• What you will do
Transcribe exactly, and only, the lines from the one with "The lounge offers" through the end of the records below, including both of those lines. Skip all pictures.

::::

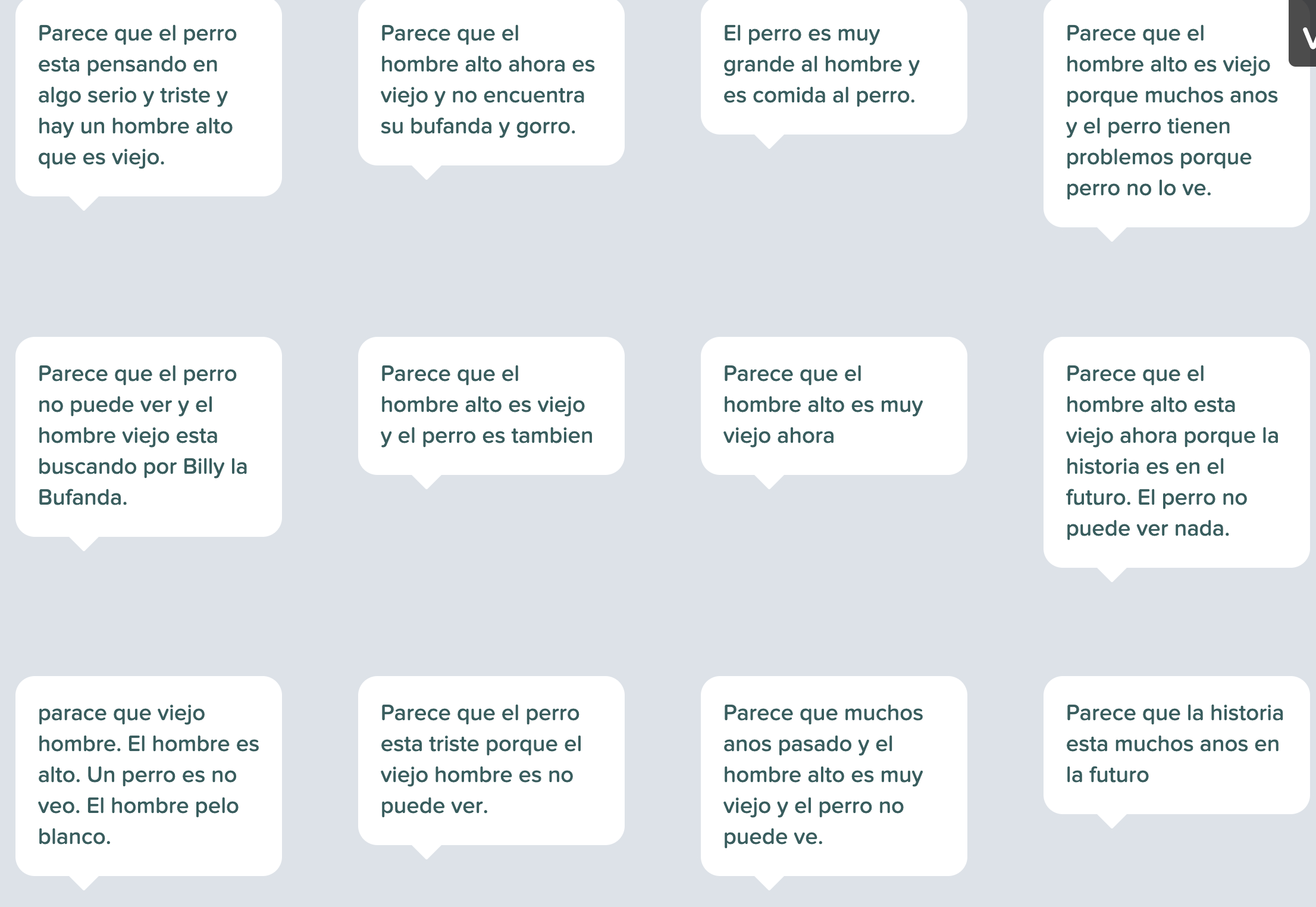 As students saw more and more images, a story started to form in their head. In this case, students began predicting that Gorro was stealing Las Botas from Billy… some students were shocked that Gorro would betray his best friend.  Each new scene seemed to play into this prediction. Going through about 10-12 slides and writing their responses took up 35-40 minutes.
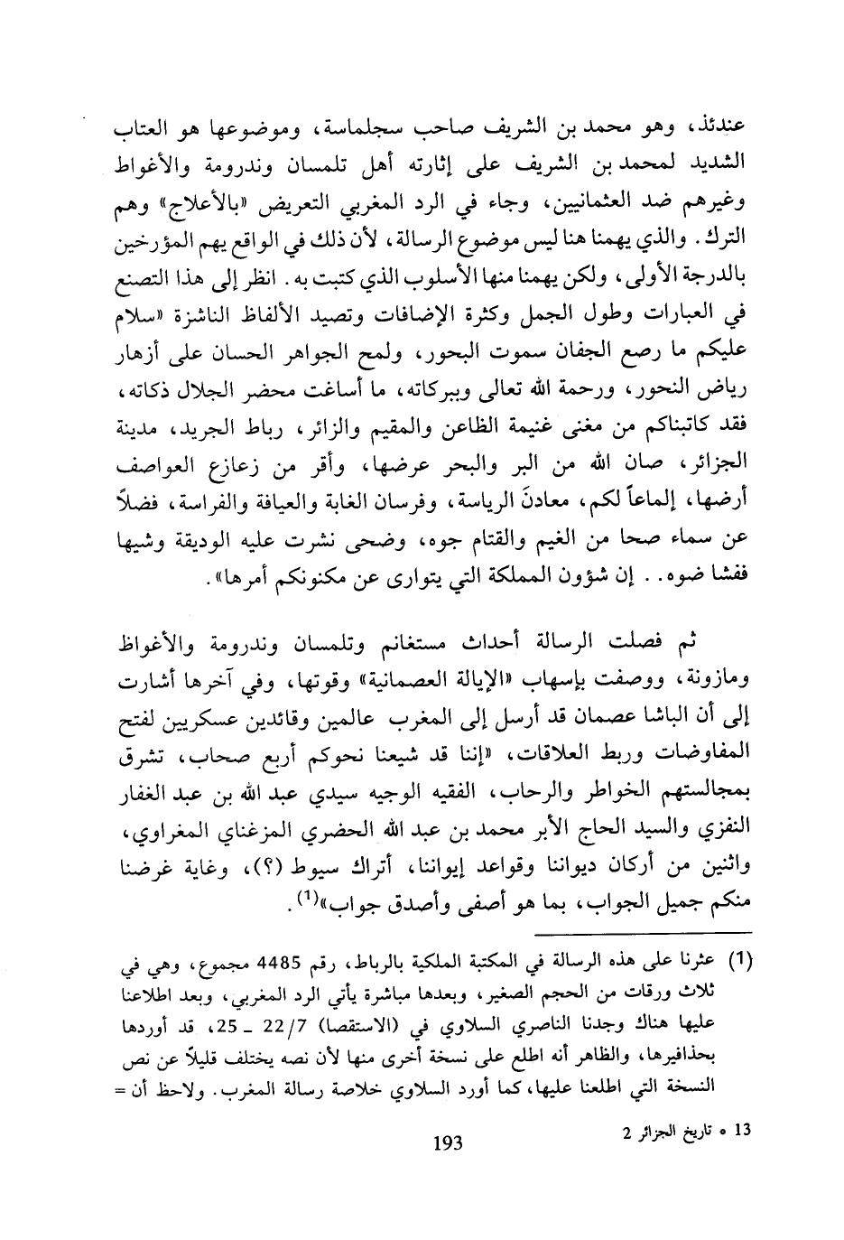 عندئذ، وهو محمد بن الشريف صاحب سجلماسة، وموضوعها هو العتاب الشديد لمحمد بن الشريف على إثارته أهل تلمسان وندرومة والأغواط وغيرهم ضد العثمانيين، وجاء في الرد المغربي التعريض (بالأعلاج) وهم الترك. والذي يهمنا هنا ليس موضوع الرسالة، لأن ذلك في الواقع يهم المؤرخين بالدرجة الأولى، ولكن يهمنا منها الأسلوب الذي كتبت به. انظر إلى هذا التصنع في العبارات وطول الجمل وكثرة الإضافات وتصيد الألفاط الناشزة (سلام عليكم ما رصع الجفان سموت البحور، ولمح الجواهر الحسان على أزهار رياض النحور، ورحمة الله تعالى وببركاته، ما أساغت محضر الجلال ذكاته، فقد كاتبنا كم من مغنى غنيمة الظاعن والمقيم والزائر، رباط الجريد، مدينة الجزائر، صان الله من البر والبحر عرضها، وأقر من زعازع العواصف أرضها، إلماعا لكم، معادن الرياسة، وفرسان الغابة والعيافة والفراسة، فضلا عن سماء صحا من الغيم والقتام جوه، وضحى نشرت عليه الوديقة وشيها ففشا ضوه. . إن شؤون المملكة التي يتوارى عن مكنونهم أمرها).
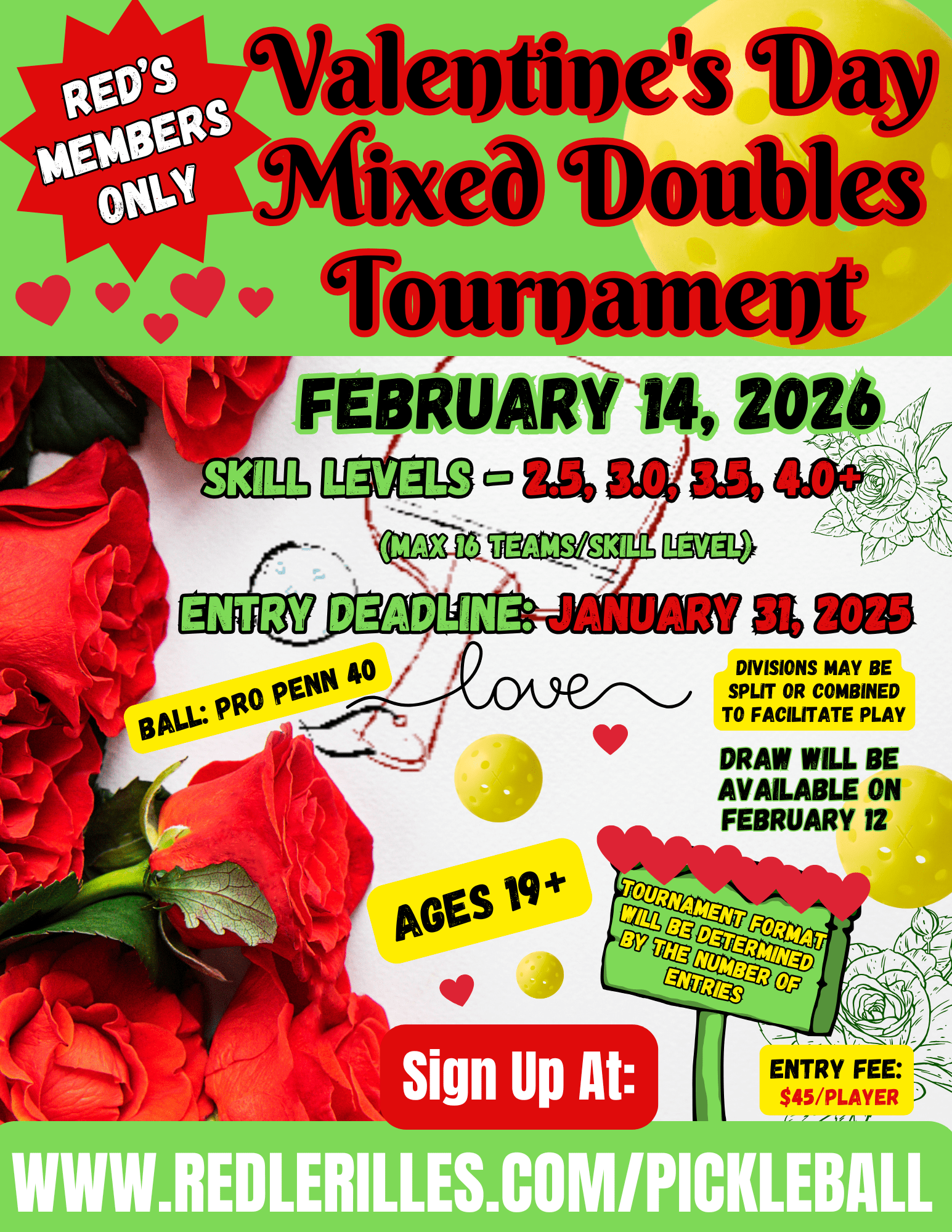 Home Sports Pickleball VALENTINE’S DAY MIXED DOUBLES TOURNAMENT 2026 – Poster/Entry Form
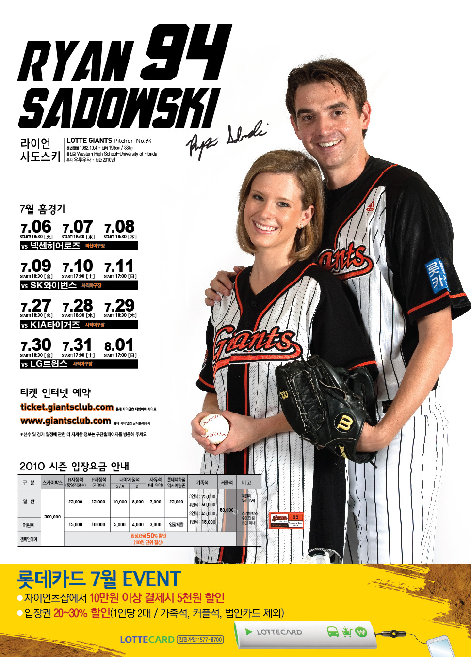7월 경기일정 포스터는 라이언 사도스키와 아내 린지 사도스키가 함께 촬영했으며 선수 프로필과 함께 7월 홈경기 일정, 입장요금 안내 등이 실려 있다.
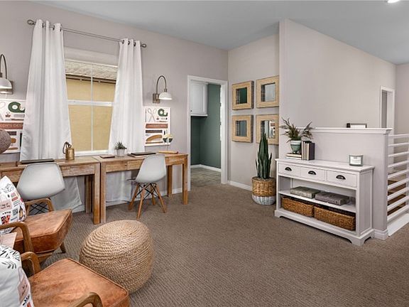 The home includes Pre-Selected Flooring: Luxury Vinyl Planks in Great Room, Dining Room, Kitchen, Bathrooms, Powder Room, Downstairs Bedroom, and Laundry Room. Carpet in Upstairs Bedrooms, Stairs, and Loft.
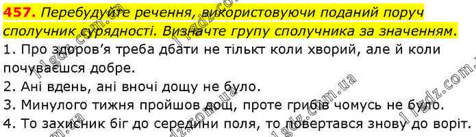 Перебудуйте речення, використовуючи поданий поруч сполучник сурядності. Визначте групу сполучника за значенням. 1. Про здоров’я треба дбати не тількт коли хворий, але й коли почуваєшся добре. 2. Ані вдень, ані вночі дощу не було. 3. Минулого тижня пройшов дощ, проте грибів чомусь не було. 4. То захисник біг до середини поля, то повертався знову до воріт.
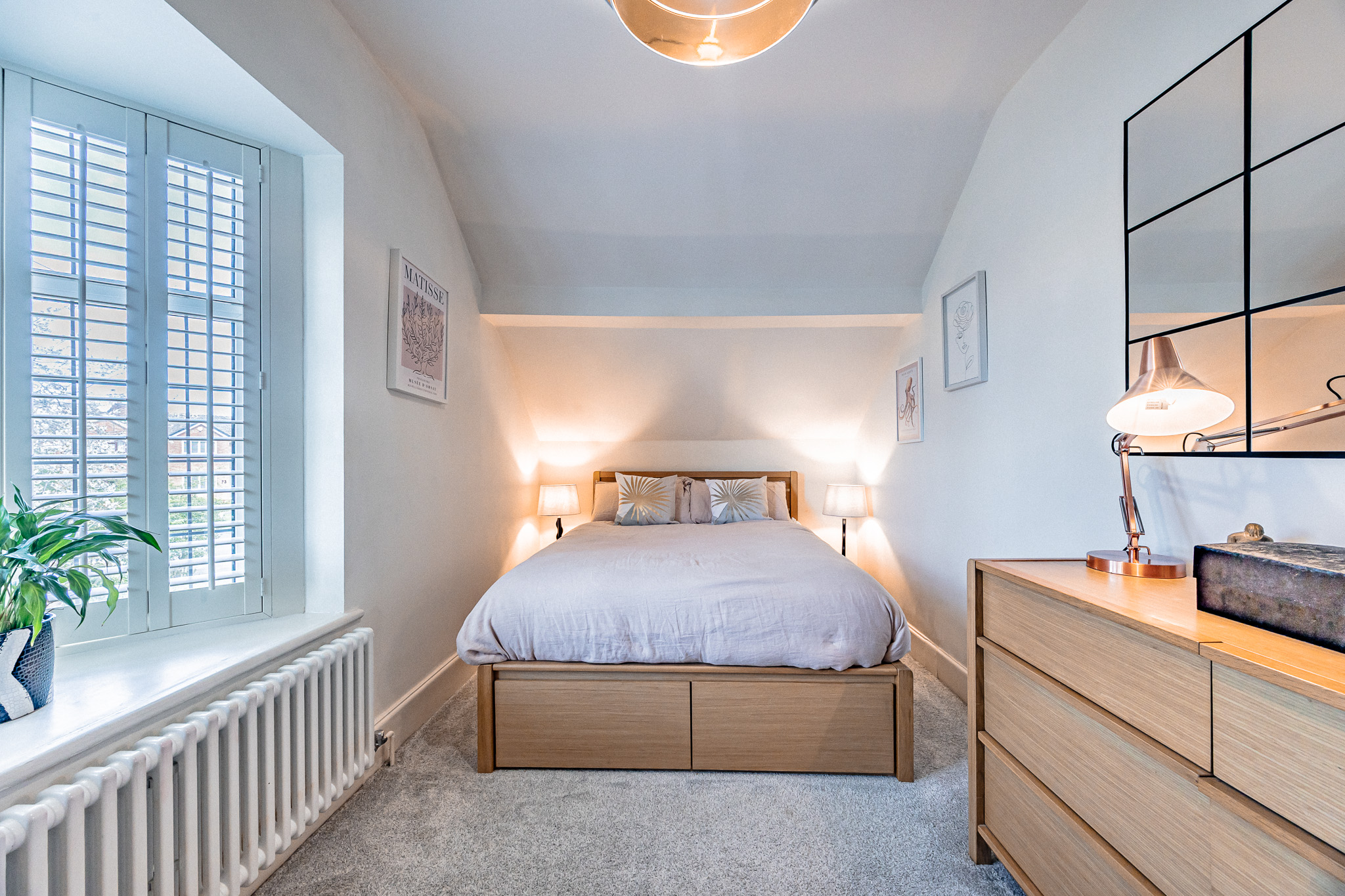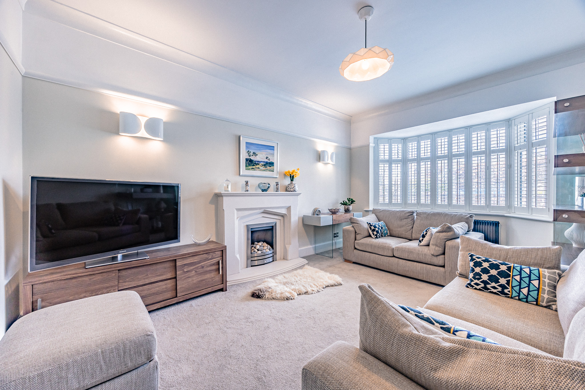 The lounge offers a warm yet contemporary feel, with a gas fire and Plantation shutters are fitted to the lounge and two front-facing bedrooms, adding both style and privacy.
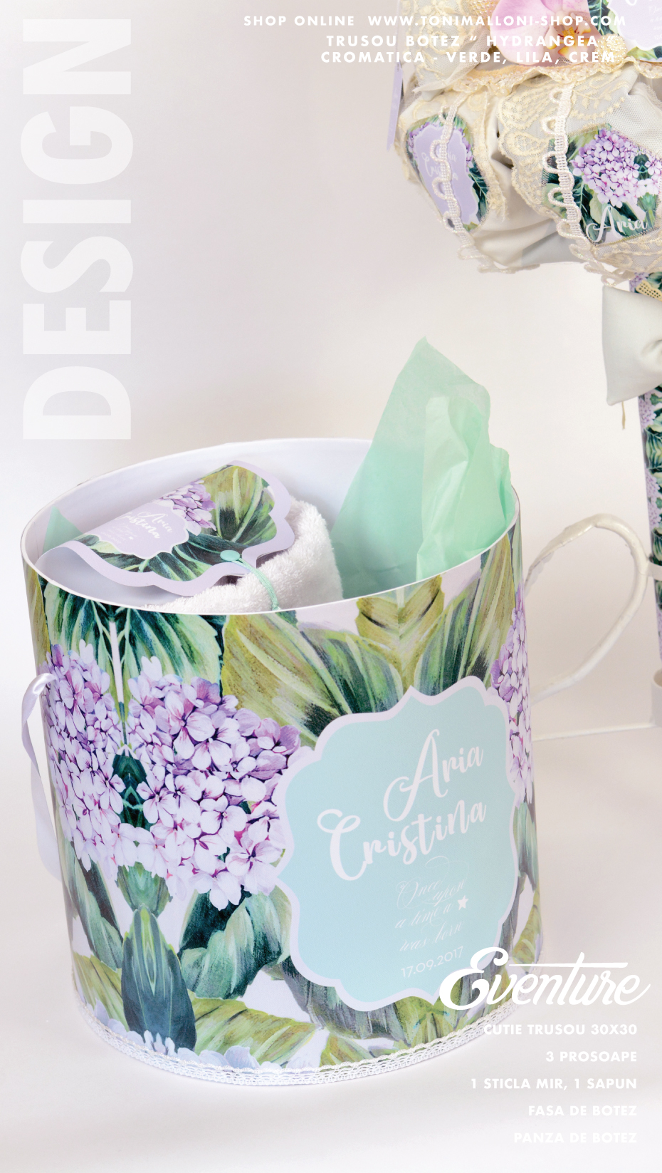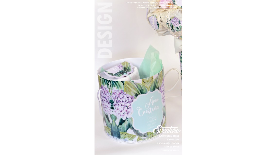 – cutie de trusou personalizată în tematica florală a setului
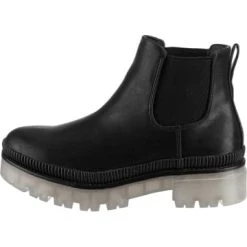 – verstärkte Ferse – elastische Einsätze am Schaft für eine gute Anpassung – vegane ProduktionDiese trendigen Chelsea Boots der Marke ambellis ergänzen verschiedene Outfits. Der Blockabsatz verbindet einen stilsicheren Look mit angenehmem Tragekomfort. Die Oberfläche dieses Modells besteht aus Synthetik und besticht mit der ansprechenden Gestaltung. Ein Pluspunkt ist zudem das anpassungsfähige Polyester-Futter. Eine optimale Anpassung ist durch das elastische Band problemlos möglich.Verschluss: Elastisches BandAbsatzart: BlockabsatzAbsatzhöhe: 5 cmSchuhweite: FZusatzfunktion: veganObermaterial: Sonstiges Material (Synthetik)Futter: Textil (Polyester)Decksohle: Sonstiges Material (Synthetik)Laufsohle: Sonstiges Material (TPR-Sohle)
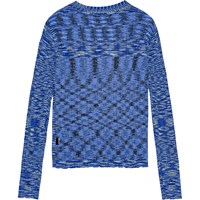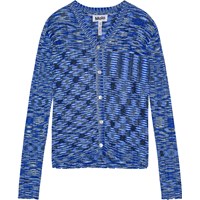 Deze aansluitende vest is genaaid met een mouliné effect, wat zorgt voor een gevarieerde en unieke pasvorm. De vest heeft lange mouwen en sluit met parelmoeren knopen. Er zijn overlock boorden rond de mouwen en onderkant voor extra details.
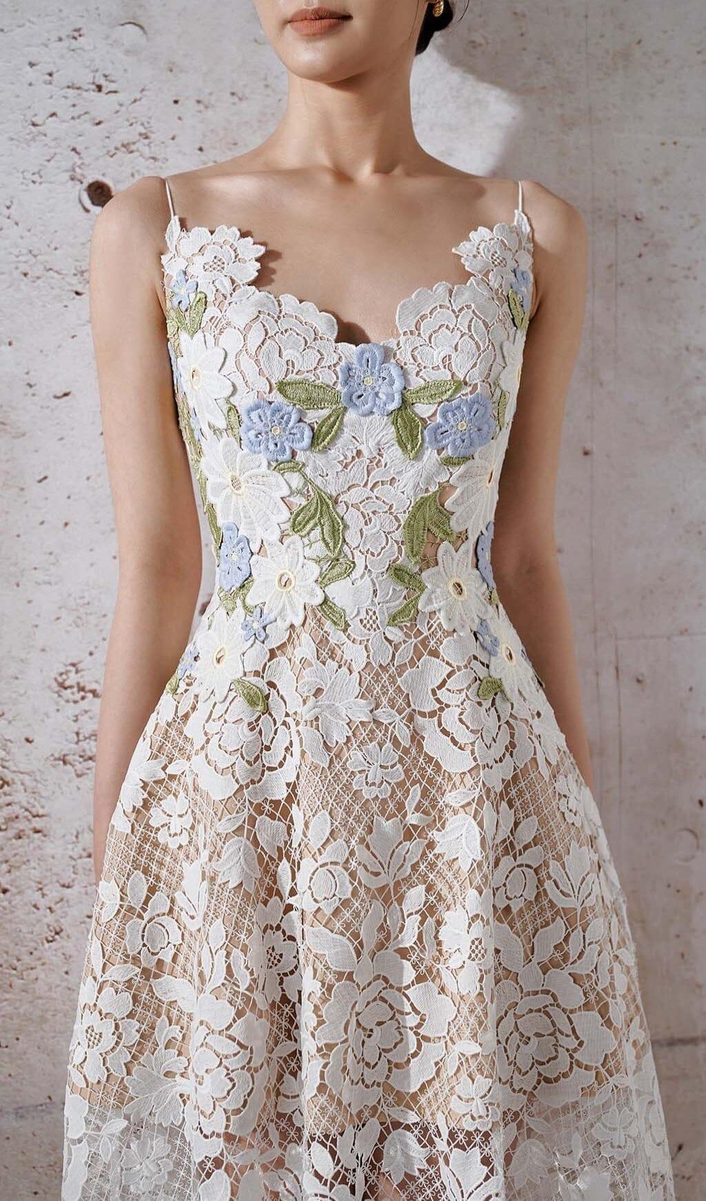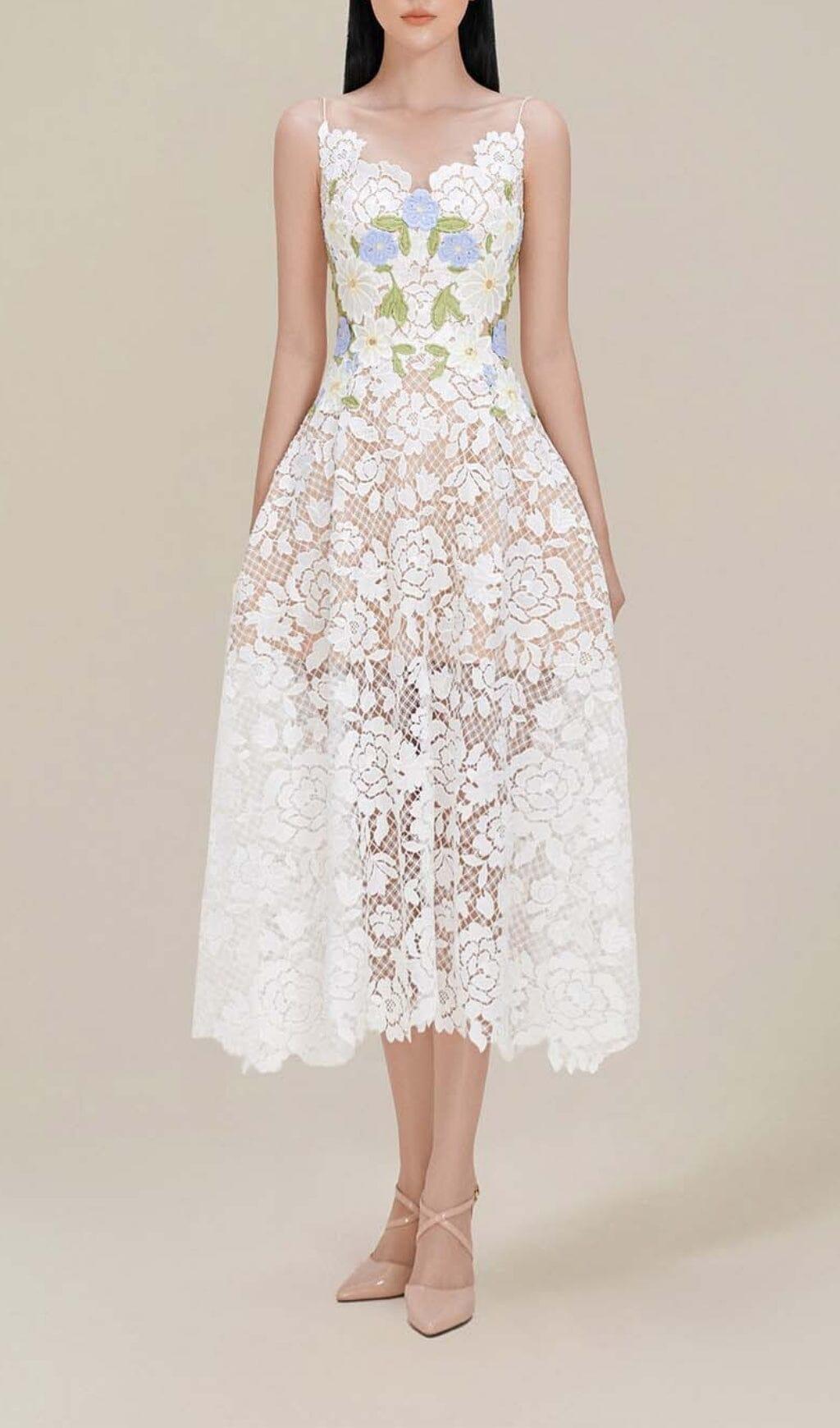 ROSES LACE A-LINE MIDI DRESS IN WHITE

::::

• Finished task
 The lounge offers a warm yet contemporary feel, with a gas fire and Plantation shutters are fitted to the lounge and two front-facing bedrooms, adding both style and privacy.
 – cutie de trusou personalizată în tematica florală a setului
 – verstärkte Ferse – elastische Einsätze am Schaft für eine gute Anpassung – vegane ProduktionDiese trendigen Chelsea Boots der Marke ambellis ergänzen verschiedene Outfits. Der Blockabsatz verbindet einen stilsicheren Look mit angenehmem Tragekomfort. Die Oberfläche dieses Modells besteht aus Synthetik und besticht mit der ansprechenden Gestaltung. Ein Pluspunkt ist zudem das anpassungsfähige Polyester-Futter. Eine optimale Anpassung ist durch das elastische Band problemlos möglich.Verschluss: Elastisches BandAbsatzart: BlockabsatzAbsatzhöhe: 5 cmSchuhweite: FZusatzfunktion: veganObermaterial: Sonstiges Material (Synthetik)Futter: Textil (Polyester)Decksohle: Sonstiges Material (Synthetik)Laufsohle: Sonstiges Material (TPR-Sohle)
 Deze aansluitende vest is genaaid met een mouliné effect, wat zorgt voor een gevarieerde en unieke pasvorm. De vest heeft lange mouwen en sluit met parelmoeren knopen. Er zijn overlock boorden rond de mouwen en onderkant voor extra details.
 ROSES LACE A-LINE MIDI DRESS IN WHITE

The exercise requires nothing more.